Chinese consumer electronics giant Hisense is ramping up India ambitions with a multi-category push, launching washing machines this month and kitchen appliances next year, as it sharpens focus on offline expansion and local manufacturing of air conditioners.
The push comes as Japanese competitor Panasonic is exiting refrigerator and washing machine businesses in India, having struggled to gain market share.
“We plan to launch our washing machine within this month. It is a foray into a new category we are in. Until now, we have only been selling TVs and air conditioners,” Hisense India CEO Pankaj Rana said.
Washing machines, microwaves and more
The company plan to start with two top-load washing machine models. It is looking to launch small domestic kitchen appliances, including microwaves, next year, Rana said.
The company, which is expanding its offline retail channel to support sales of TVs and air conditioners, will also utilise the same network for washing machines and kitchen appliances.
“Kitchen appliances, we will launch next year,” he said, adding that Hisense is also evaluating refrigerators but hasn’t locked in a plan yet.
“Globally we are very strong in the refrigerator business but it is a very capital-intensive business and it requires a huge investment in factory setup. So, at this moment, we have not finalised the plan,” Rana added.
While Panasonic is exiting the refrigerator and washing machine segments, over 10 companies, including OnePlus, Realme and Intex, have exited the TV market.
Asked if there is enough market headroom in India even as other players exit, Rana said, “There is always an opportunity in the market because if we see India, the consumption of India is growing with the middle-income group rising. We view this as an opportunity to grow.”
Beyond TV
Rana said that Hisense’s global supply chain strength and manufacturing scale enable it to remain cost-competitive, a crucial advantage in a price-sensitive market like India. “India is a price-sensitive but large market and we have the strength and efficiency to create space for ourselves,” he said.
Hisense’s TVs are contract-manufactured by Dixon and Bhagwati in South India but the company is exploring in-house manufacturing.
More than 80 percent of Hisense’s India revenue comes from TVs, with the rest from air conditioners. “Next year, we aim for a 60:40 ratio between TVs and ACs, assuming favourable conditions. Additionally, we anticipate that around 10 percent of our revenue in 2026 onwards will come from laundry and kitchen appliances combined,” Rana said.

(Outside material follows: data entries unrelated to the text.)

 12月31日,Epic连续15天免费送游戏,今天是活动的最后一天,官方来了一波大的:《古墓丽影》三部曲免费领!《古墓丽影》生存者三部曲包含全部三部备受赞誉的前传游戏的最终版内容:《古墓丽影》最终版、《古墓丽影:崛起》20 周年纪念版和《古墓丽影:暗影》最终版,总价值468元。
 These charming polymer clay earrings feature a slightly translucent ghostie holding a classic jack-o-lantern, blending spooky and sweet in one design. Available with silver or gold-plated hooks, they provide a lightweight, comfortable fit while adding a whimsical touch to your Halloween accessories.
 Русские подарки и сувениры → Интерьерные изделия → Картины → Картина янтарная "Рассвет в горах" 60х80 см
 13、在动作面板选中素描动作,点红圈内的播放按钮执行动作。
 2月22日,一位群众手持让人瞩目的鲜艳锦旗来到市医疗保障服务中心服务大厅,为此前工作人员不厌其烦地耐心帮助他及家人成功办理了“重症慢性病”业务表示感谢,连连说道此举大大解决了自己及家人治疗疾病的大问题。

He added that the company is targeting 40 percent growth in its TV business over the previous year, driven by large-screen sales and a growing offline presence.
“Our global positioning is strong in 100-inch+ TVs—we want to replicate that leadership in India,” he said.
Hisense is partnering with large-format retailers (LFRs) and smaller distributors for offline expansion.
“Our expansion started in the East, then moved to the South —dominated by LFRs — where we’re partnering with 4–5 major chains in H2. West and North India are distribution-focused markets, and we’re actively building teams and branches there,” Rana said.
Between Hisense and Toshiba brands, the company sells over 50 models in India and follows a “different model, different channel (DMDC)” strategy.
“Premiumisation and the adoption of large screens are central to our strategy. We are seeing promising traction in both brands,” Rana said.
Hisense is also investing Rs 250 crore in the first phase of a new facility for ACs and washing machines in Andhra Pradesh’s Sri City in partnership with Epack Durables.
“The factory should be operational by November or December. Next year, our full lineup of in-house developed ACs will be manufactured there, including global models tailored for the Indian market,” Rana said.
The AC factory would initially cater only to the Indian market. Once it stabilizes, the firm may explore export opportunities. “Phase one of the factory has a capacity of 0.5 million units, expandable to 1 million,” Rana said.
In 2024, Hisense announced it would acquire a 15–26 percent stake in Epack’s special purpose vehicle, Epack Manufacturing Technologies, which will operate the factory. Rana declined to comment on the deal.
Hisense is also expanding its India headquarters in Noida and hiring across critical functions, including marketing, GTM, service infrastructure, HR, and finance, to support its long-term, multi-category ambitions.